RISC Vs. CISC In Mobile Computing
eldavojohn writes "For the processor geeks here, Jon Stokes has a thoughtful article up at Ars Technica analyzing RISC vs. CISC in mobile phones (Wikipedia on Reduced Instruction Set Computers and Complex Instruction Set Computers). He wraps it up with two questions: 'How much is the legacy x86 code base really worth for mobile and ultramobile devices? The consensus seems to be "not much," and I vacillate on this question quite a bit. This question merits an entire article of its own, though,' and 'Will Intel retain its process leadership vs. foundries like TSMC, which are rapidly catching up to it in their timetables for process transitions? ARM, MIPS, and other players in the mobile device space that I haven't mentioned, like NVIDIA, AMD/ATI, VIA, and PowerVR, all depend on these foundries to get their chips to market, so being one process node behind hurts them. But if these RISC and mobile graphics products can compete with Intel's offerings on feature size, then that will neutralize Intel's considerable process advantage.'"
There are no CISC CPUs anymore. There are RISC CPUs with RISC instruction sets (e.g. ARM) and there are RISC CPUs with CISC instruction sets (e.g. x86). The cores are mostly the same, except that the chips with CISC instructions need to do a little more work in the decoder. It requires a bit extra transistors and a bit more power, but it's not a huge deal for PCs and servers. Of course, for embedded applications, it makes a difference and for those it makes sense to have more "specialised" architectures (from microcontrollers to DSPs, ARM and all kinds of hybrids).
Opus: the Swiss army knife of audio codec
RISC vs. CISC? What is this, the early 90's? There are no RISC chips anymore, except as product lines that were originally developed with the RISC methodology in mind. Similarly, true CISC doesn't exist either. Microcode has done wonders in turning complex instructions into a series of simpler instructions like one would find on a RISC processor.
The author's real point appears to be: x86 vs. Other Embedded Architectures. Without even looking at the article (which I did do), it's not hard to answer that one: There is no need for x86 code in a mobile platform. The hardware is going to be different than a PC, the interface is going to be different than a PC, and the usage of the device is going to be different than a PC. Providing x86 compatibility thus offers few, if any, real advantages over an ARM or other mobile chip.
If Intel's ATOM takes off, it will be on the merits of the processor and not on its x86 compatibility. Besides, x86 was a terrible architecture from the get-go. There's something mildly hilarious about the fact that it became the dominant instruction set in Desktop PCs across the world.

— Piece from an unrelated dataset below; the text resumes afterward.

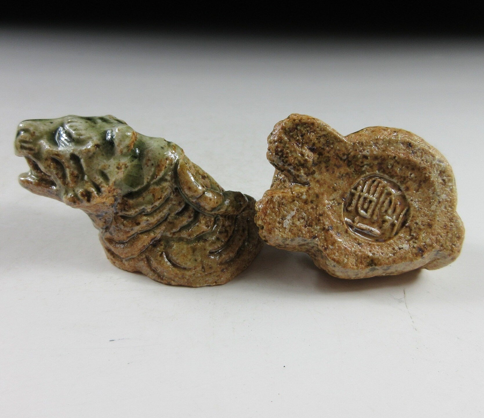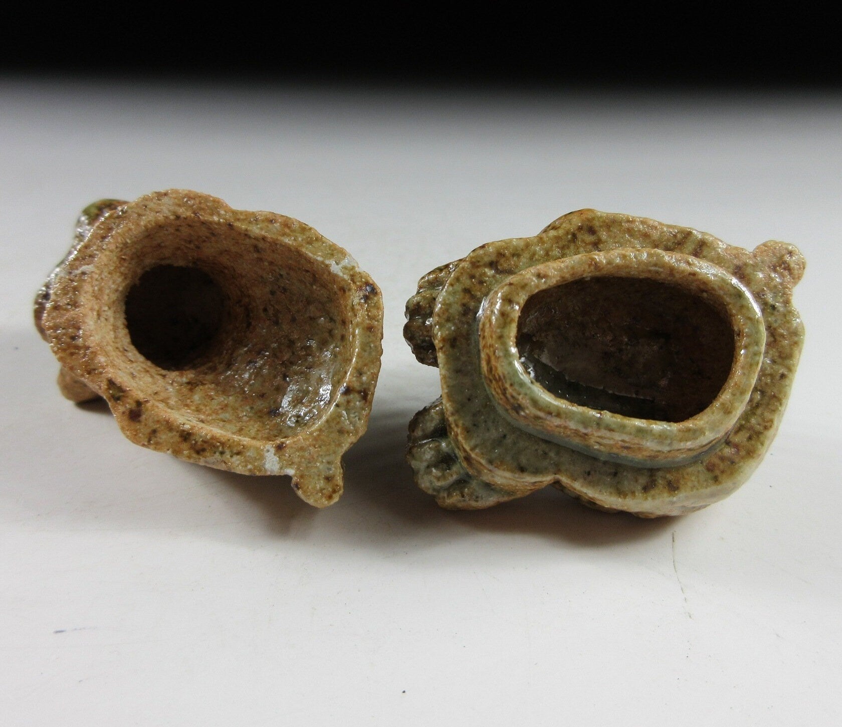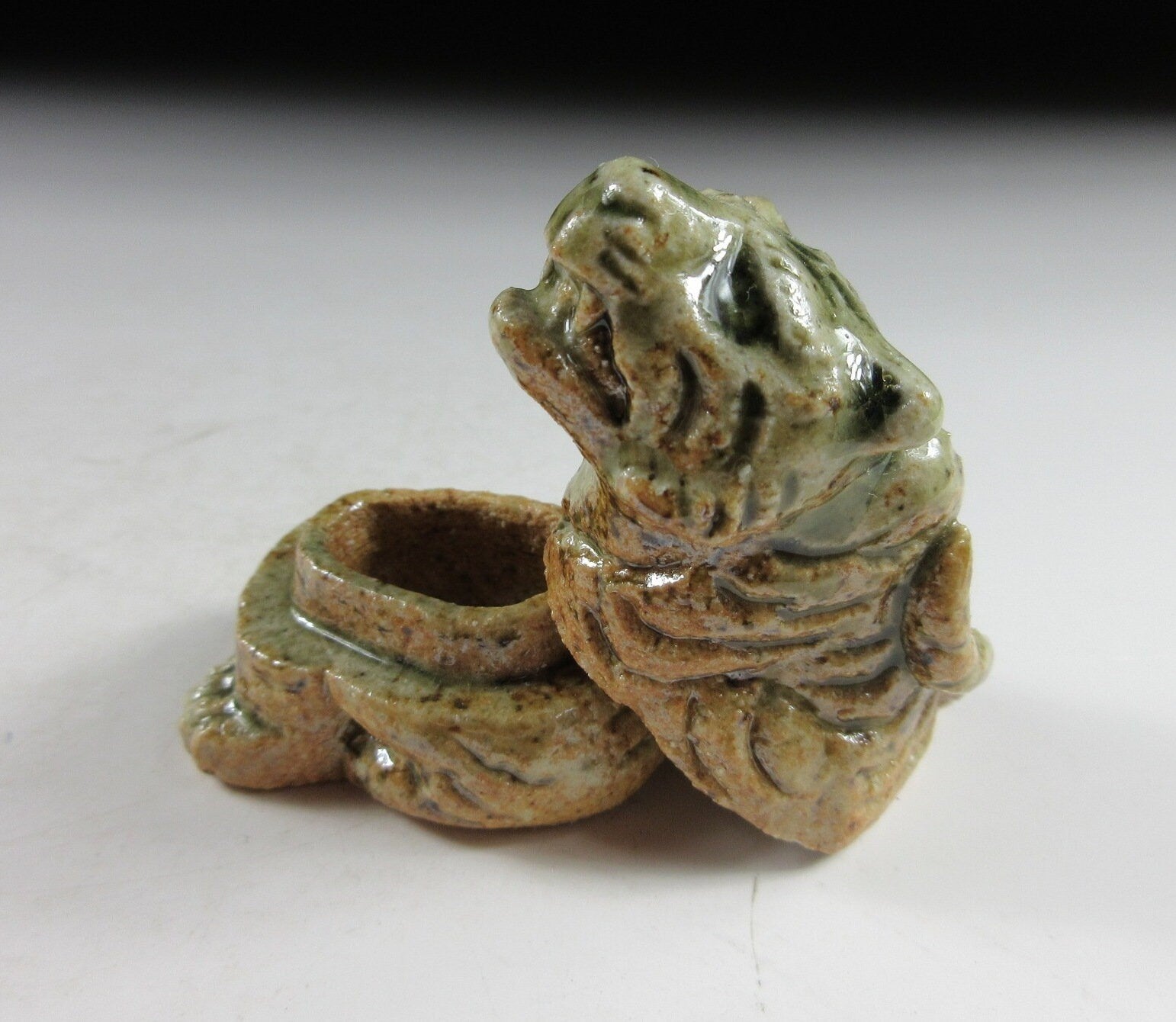 This listing is for a wood-fired Shigaraki-ware kogo made around 20 years ago by Kurokawa Hirohisa. It is made of high-fired stoneware clay and moulded to resemble a tiger. The green colour is vitrified ash, and lines have been carved into the back of the tiger to create the appearance of stripes. Its size and shape is suitable for both woodchip and kneaded incense, although pottery kogo are typically used for kneaded incense during the cooler months. This piece was most likely made to commemorate the Year of the Tiger back in 1998. The stamp of the potter can be found on the bottom, and it comes with its original signed storage box.

Javascript + Nintendo DSi = DSiCade
RISC vs CISC was the architecture flamewar of the late 1980s. Welcome to the 21th century, you'll like it here. It's a world when, since the late 90s, the ISA (instruction set architecture), is so abstracted away from the actual micro-architecture of microprocessor, as to make it completely pointless to make distinctions between the two. Modern processors are RISC, they are CISC, they are vector machines, they're everything you want them to be. Move on, the modern problems are now in multi-core architecture and their issues of memory coherence, cache sharing, memory bandwidth, interlocking mechanisms, uniform vs non-uniform, etc. The "pure RISC" standard bearers of yore have disappeared or have been expelled from the personnal computing sphere (remember Apple ditching PowerPC ? Alpha anyone ? Where are those shiny MIPS-based SGIs gone?). Even Intel couldn't impose a new ISA on its own (poor adoption of IA-64). The only RISC ISA that has any existence in the personnal computing arena, including mobile, is ARM, but precisely, they do only mobile. There's really no reason at all to build any device on which you plan to run generic OSes and rich computing experience on anything else than x86 or x86-64 machines.

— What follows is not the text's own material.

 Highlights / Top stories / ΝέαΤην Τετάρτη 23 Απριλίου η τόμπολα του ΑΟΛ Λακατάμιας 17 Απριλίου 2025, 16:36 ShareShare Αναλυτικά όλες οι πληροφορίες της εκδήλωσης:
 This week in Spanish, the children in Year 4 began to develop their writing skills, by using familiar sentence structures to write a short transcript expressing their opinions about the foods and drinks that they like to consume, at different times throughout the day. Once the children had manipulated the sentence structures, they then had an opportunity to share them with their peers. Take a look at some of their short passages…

Intel sucessfully killed the high end CPU manufacturers. However, recently they have had poor performance in the very low power arena. Their main offering (XScale, until they sold it) was poor compared ot the competitors. Compare the Intel PXA27x to the Philips LPC3180. The philips chip has about the same instruction rate for integer instructions (at half the clock rate), hardware floating point (so it's about 5x as fast at this) and draws about 1/5 of the power. I know which one I prefer...
Unlike the old RISC workstation manufacturers which relied on a small market of high margin machines, the current embedded CPU manufacturers operate in a huge, cut-throat world where they need to squeeze up the price/performance ratio as high as possible to maintain a lead. I think this market will be somewhat tougher to crack than the workstation market, since intel does not have what they had before: an advantage in volume shipped.
SJW n. One who posts facts.
I've had to work with the ARM ISA in the past (I was studying its implementation as a soft core on an FPGA), and I can tell you it doesn't follow the RISC philosophy well, if at all.
One very non-RISC thing ARM did was move the shift instructions into every arithmetic instruction. That's right: there are no dedicated shift instructions. When you need a shift instruction, you have to encode it as part of a move operation or an add. In effect, every add, and, or, sub, etc. is actually a an add+shift, and+shift, or+shift, etc. This is the opposite of the RISC philosophy, and it significantly complicates the hardware, since a variable shifter has to be on the ALU critical path.
Other non-RISC things ARM did include the Java instruction set extensions, the Thumb instruction set extensions (further reduce code size), vector & media instruction set instructions, etc.
I think calling ARM "RISC" is a marketing decision only, done for historical reasons. It doesn't have much to do with the technical reality, IMO. Jon Stokes would have done better to say ARM vs. x86, instead of RISC vs. CISC, which is an outdated idea back from the 80s & 90s.
They just aren't very important distinctions anymore.
Both refer to the instruction sets, not the internal workings. x86 was CISC in 1978 and it's still CISC in 2008. ARM was RISC in 1988 and still RISC in 2008. AMD64 is a border line case.
People get confused with the way current x86's break apart instructions into microops. That's doesn't make it RISC. That just make it microcoded. That's how most CISC processors work. RISC process rarely use anything like microcode and when they do, it is looked upon as very unRISCy.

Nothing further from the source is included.